On the other hand, an app's interface is something the users look at for a
much more extended period.

To compare with newspapers, think about the web interface of different
newspapers (or even the layout of most print newspapers) -- you'll be amazed
at how similar they are! I just looked at:
[https://www.nytimes.com/](https://www.nytimes.com/) ,
[https://www.washingtonpost.com/](https://www.washingtonpost.com/) ,
[https://www.bostonglobe.com/](https://www.bostonglobe.com/)

So, while I would like more variety in interfaces, I think it's a very hard
problem.

------
ahdroit
"Step back and you might mistake these as excerpts from a children’s book,
except that they depict grown adults doing ostensibly grown-up things.
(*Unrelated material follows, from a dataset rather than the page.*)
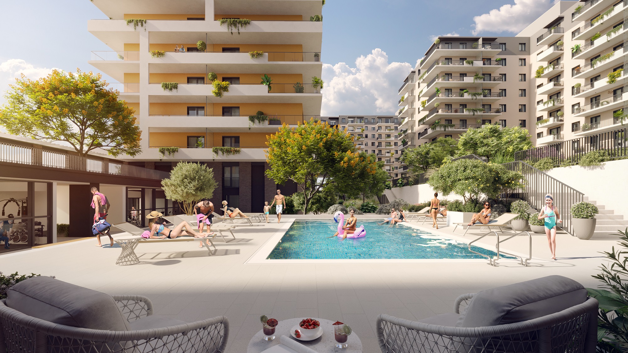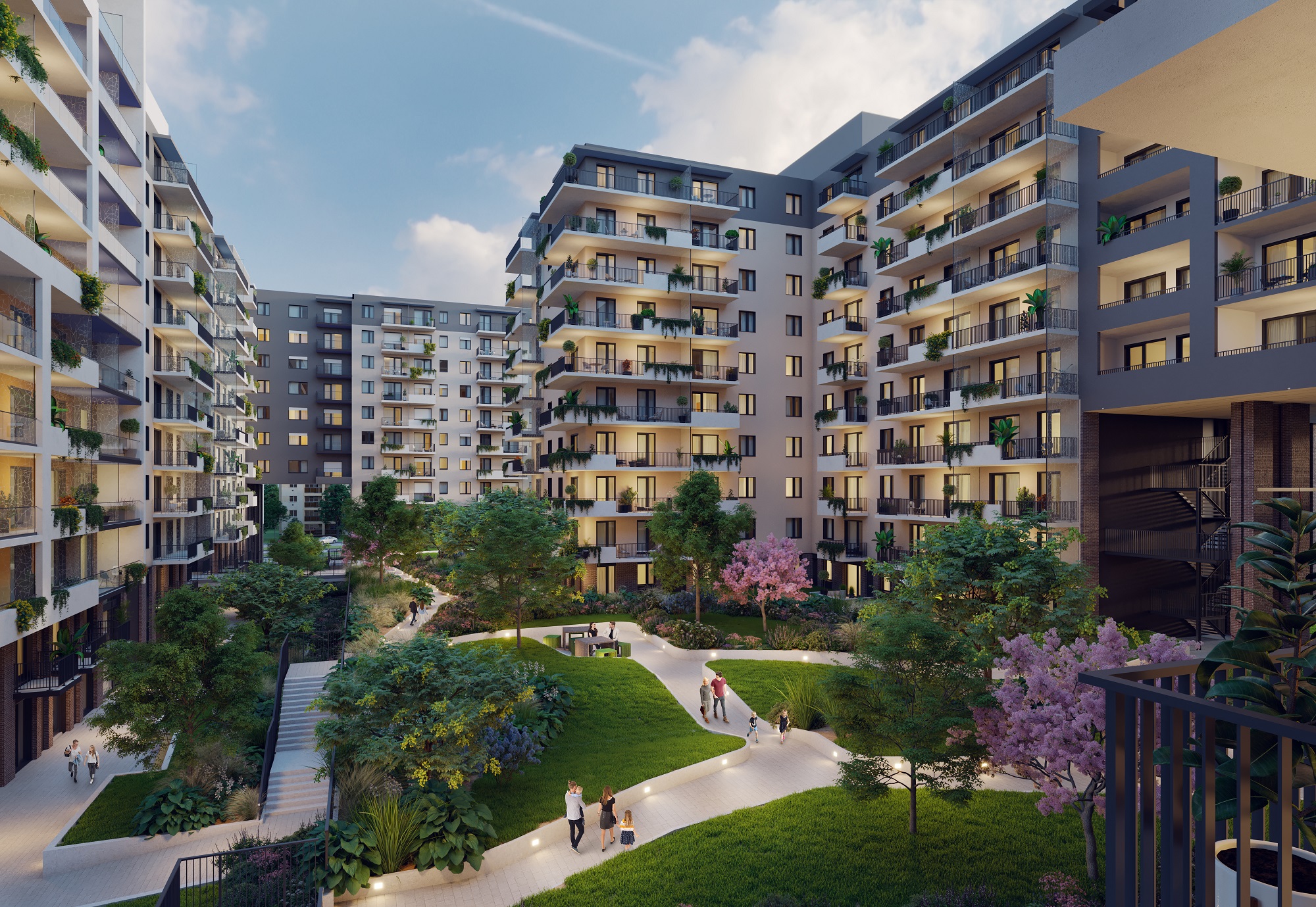 Az első ütemben 257 kertkapcsolatos vagy erkélyes otthon kerül kialakításra: a stúdió-, két-, három- és négyszobás lakások mellett, a legfelső szinten exkluzív penthouse lakások találhatók, melyekhez privát medence is tartozik.

One
could argue that they effectively infantilize their intended audience,"

------
forgetfuldino
The real reason the author doesn't even touch on. They are viewing it from an
artistic angle rather than a marketing angle.

A consistent style of illustrations is part of the guidelines for most online
brands. All the illustrations need to share a common language across the whole
product.

* Atlassian has a style-guide

* OK Cupid has one (they just changed it and had to redo all their illustrations)

* Trello has one

* Tunnelbear has one

Having a traditional artist involved in these illustrations rather than a
designer means that the 'hit by a bus' factor is much larger. It is much
easier to imitate a vector art style than it is physical technique.

Furthermore, these illustrations have to share the same guidelines as the app
itself, which is limited by CSS rules. Natural textures are hard to do in CSS
and wasteful, wheras flat colour, borders, and gradients are all up for grabs.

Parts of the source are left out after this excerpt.